The Red Cross' Project Help is designed to help residents older than 55 or those drawing disability compensation who are facing a utility disconnection because they cannot afford to pay the bill.
Blythe said people on fixed incomes are having trouble paying their bills because they have no way to generate additional income.
"We have seen a dramatic increase in the number of people needing assistance," she said.
Project Help is funded in part by contributions from Empire District Electric Co. customers who donate $1 toward the program when paying their monthly electric bills.
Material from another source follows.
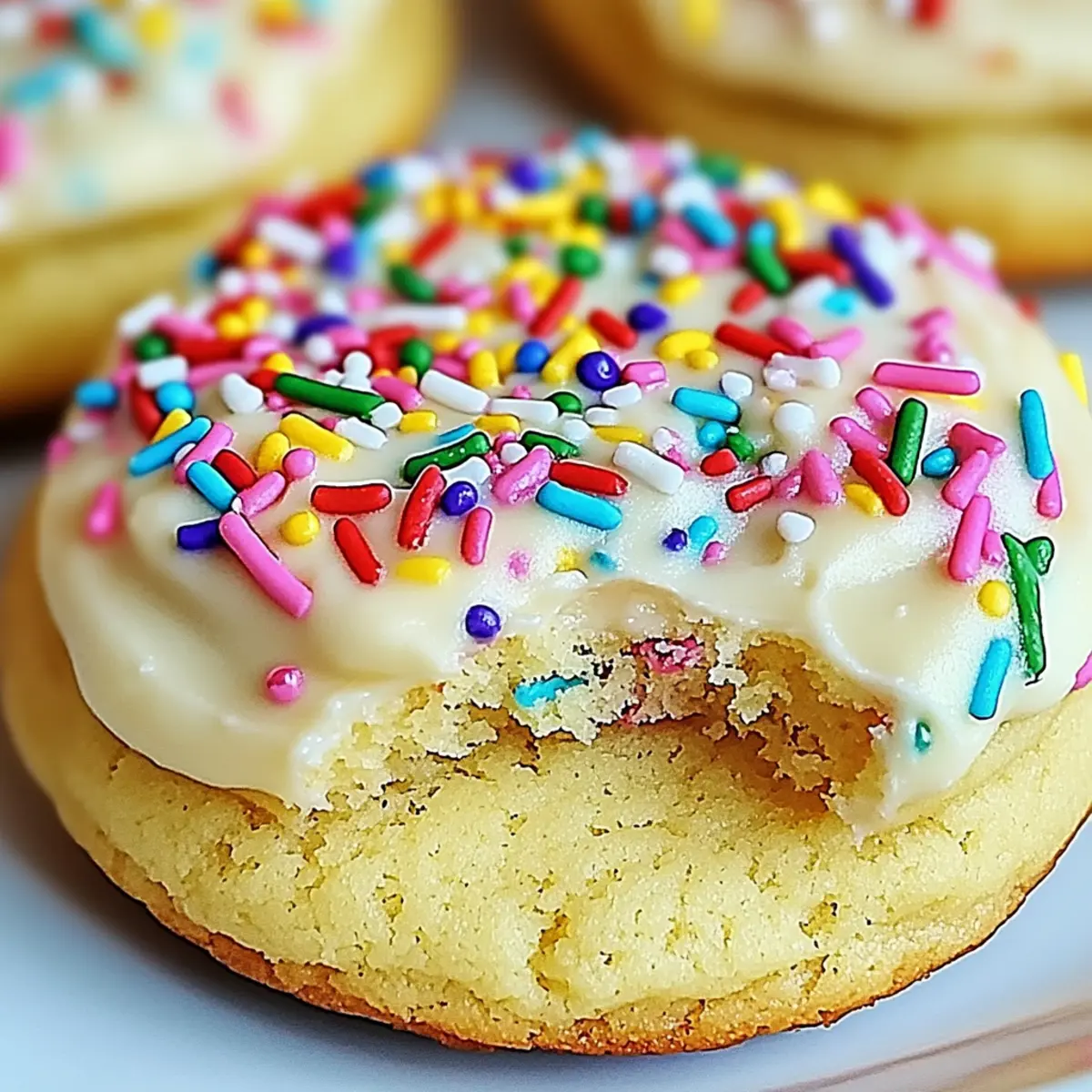 These Festive Cake Batter Cookies are ideal for meal prep enthusiasts looking to save time during busy weeks! You can prepare the cookie dough up to 24 hours in advance and refrigerate it, ensuring the ingredients stay fresh and flavors meld beautifully. Alternatively, if you plan on baking the cookies later, consider baking them without frosting and storing the unfrosted cookies at room temperature for up to 3 days. To maintain their chewy texture, store them in an airtight container. When you’re ready to enjoy your cookies, simply frost them after they’ve cooled, adding a splash of festive cheer right before serving!

Blythe said more donations are needed to help the growing number of recipients.
Applicants can receive up to $150 every six months, she said.
The Economic Security Corp., a community-action agency based in Joplin, offers a variety of programs year-round to help low-income, elderly and disabled residents keep their utility services on, said Tammy Walker, director of community development for the corporation.
"I anticipate with all of the rate increases, the people affected the most will be the elderly," Walker said. "What are they going to do to make more money?"
Walker said the agency is fortunate to receive more federal money this year - $800,000 - for the summer utility-assistance program that started June 5.
"We'll use it all," she said. "Last summer, we were only able to run a couple of months."
Through the agency's Energy Crisis Intervention Program, qualified residents with a shut-off notice can have up to $300 paid on their electric bill.